### Task to complete
Using the material below, repeat exactly the lines from the one with "表地はポリエステルタフタ、裏" through the one with "We take our", ends included, without any images.

### Available data
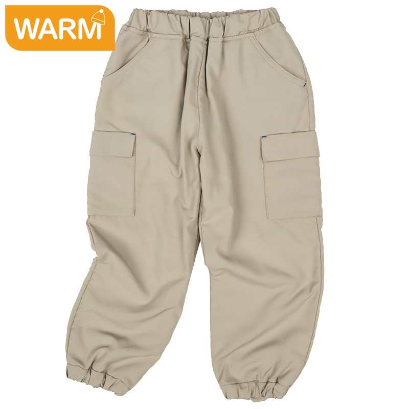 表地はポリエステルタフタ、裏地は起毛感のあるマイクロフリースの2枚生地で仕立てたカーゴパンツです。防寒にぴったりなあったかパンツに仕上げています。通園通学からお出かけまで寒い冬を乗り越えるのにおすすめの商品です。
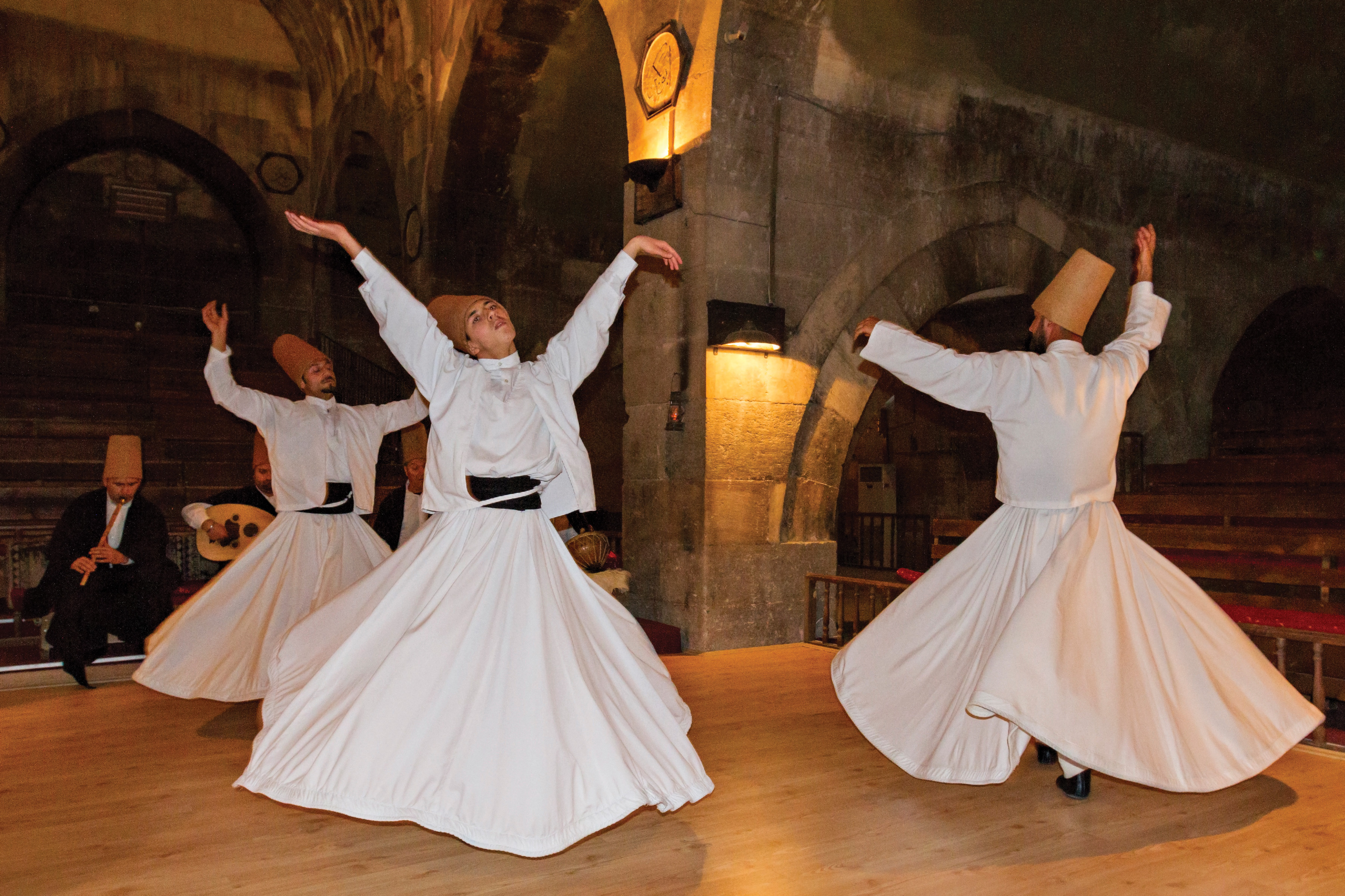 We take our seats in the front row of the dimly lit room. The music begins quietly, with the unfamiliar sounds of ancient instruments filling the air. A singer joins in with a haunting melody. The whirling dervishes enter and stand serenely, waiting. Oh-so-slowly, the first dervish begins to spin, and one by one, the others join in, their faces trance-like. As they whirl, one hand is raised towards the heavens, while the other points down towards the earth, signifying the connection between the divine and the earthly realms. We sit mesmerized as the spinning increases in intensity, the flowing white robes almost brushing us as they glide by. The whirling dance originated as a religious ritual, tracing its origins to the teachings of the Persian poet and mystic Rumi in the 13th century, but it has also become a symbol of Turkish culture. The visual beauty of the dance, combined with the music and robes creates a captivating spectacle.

* * *

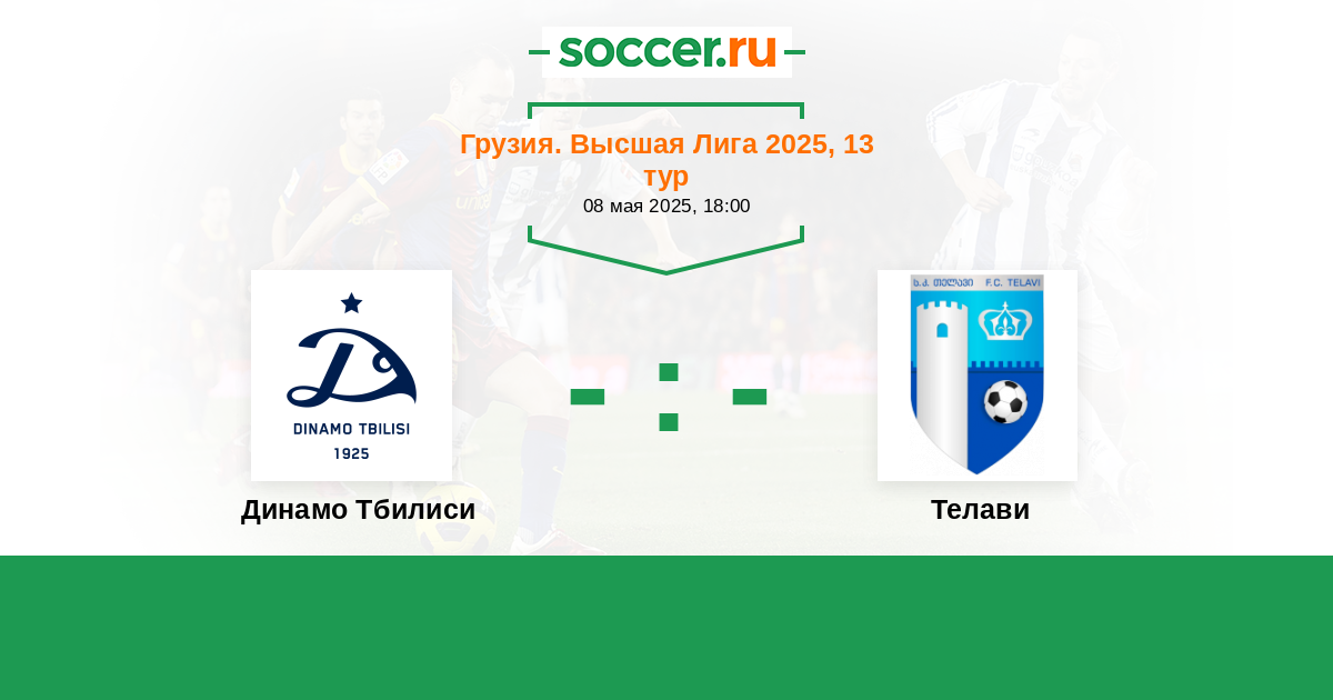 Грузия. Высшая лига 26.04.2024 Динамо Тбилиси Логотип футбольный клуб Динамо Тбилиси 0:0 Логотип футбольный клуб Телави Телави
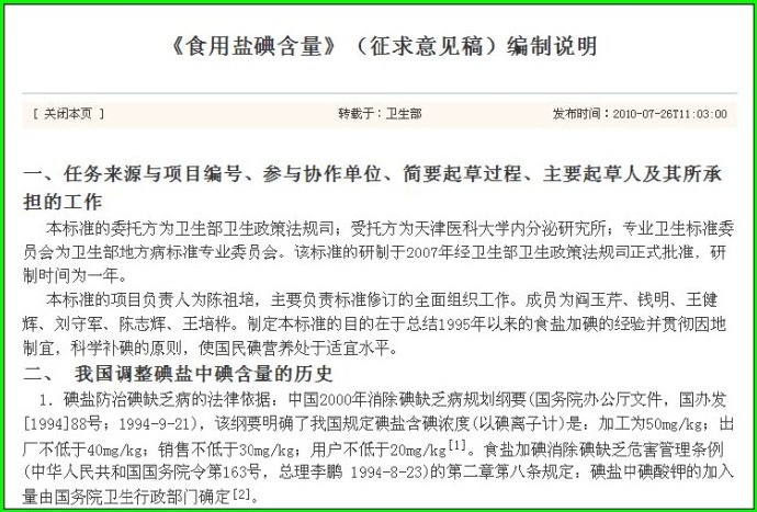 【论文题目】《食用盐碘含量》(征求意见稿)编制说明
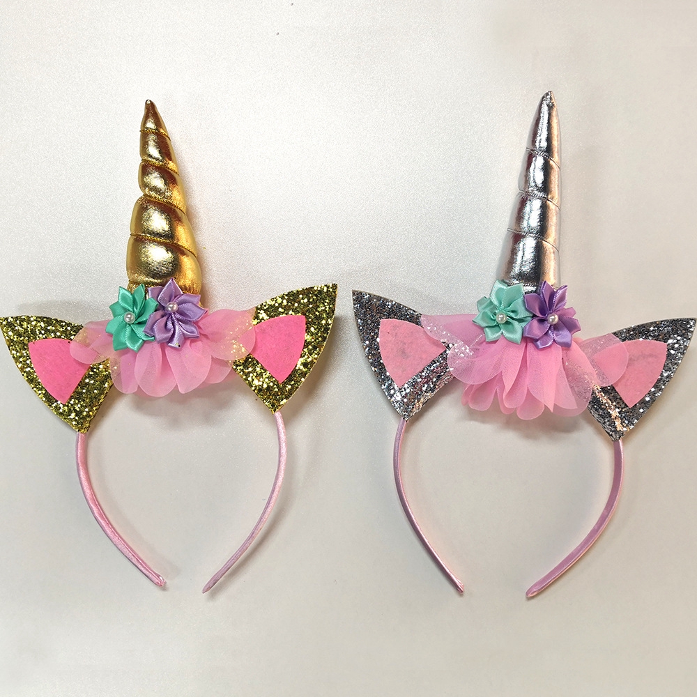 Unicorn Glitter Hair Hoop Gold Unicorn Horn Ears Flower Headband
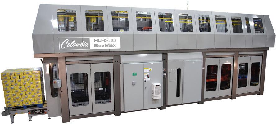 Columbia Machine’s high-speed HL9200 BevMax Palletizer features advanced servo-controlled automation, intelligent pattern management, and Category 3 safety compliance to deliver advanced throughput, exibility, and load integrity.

==

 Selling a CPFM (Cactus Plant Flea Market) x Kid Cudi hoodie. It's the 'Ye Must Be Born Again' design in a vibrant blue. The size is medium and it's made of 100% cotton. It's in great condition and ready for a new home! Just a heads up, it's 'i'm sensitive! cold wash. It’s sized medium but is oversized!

### Task answer
 表地はポリエステルタフタ、裏地は起毛感のあるマイクロフリースの2枚生地で仕立てたカーゴパンツです。防寒にぴったりなあったかパンツに仕上げています。通園通学からお出かけまで寒い冬を乗り越えるのにおすすめの商品です。
 We take our seats in the front row of the dimly lit room. The music begins quietly, with the unfamiliar sounds of ancient instruments filling the air. A singer joins in with a haunting melody. The whirling dervishes enter and stand serenely, waiting. Oh-so-slowly, the first dervish begins to spin, and one by one, the others join in, their faces trance-like. As they whirl, one hand is raised towards the heavens, while the other points down towards the earth, signifying the connection between the divine and the earthly realms. We sit mesmerized as the spinning increases in intensity, the flowing white robes almost brushing us as they glide by. The whirling dance originated as a religious ritual, tracing its origins to the teachings of the Persian poet and mystic Rumi in the 13th century, but it has also become a symbol of Turkish culture. The visual beauty of the dance, combined with the music and robes creates a captivating spectacle.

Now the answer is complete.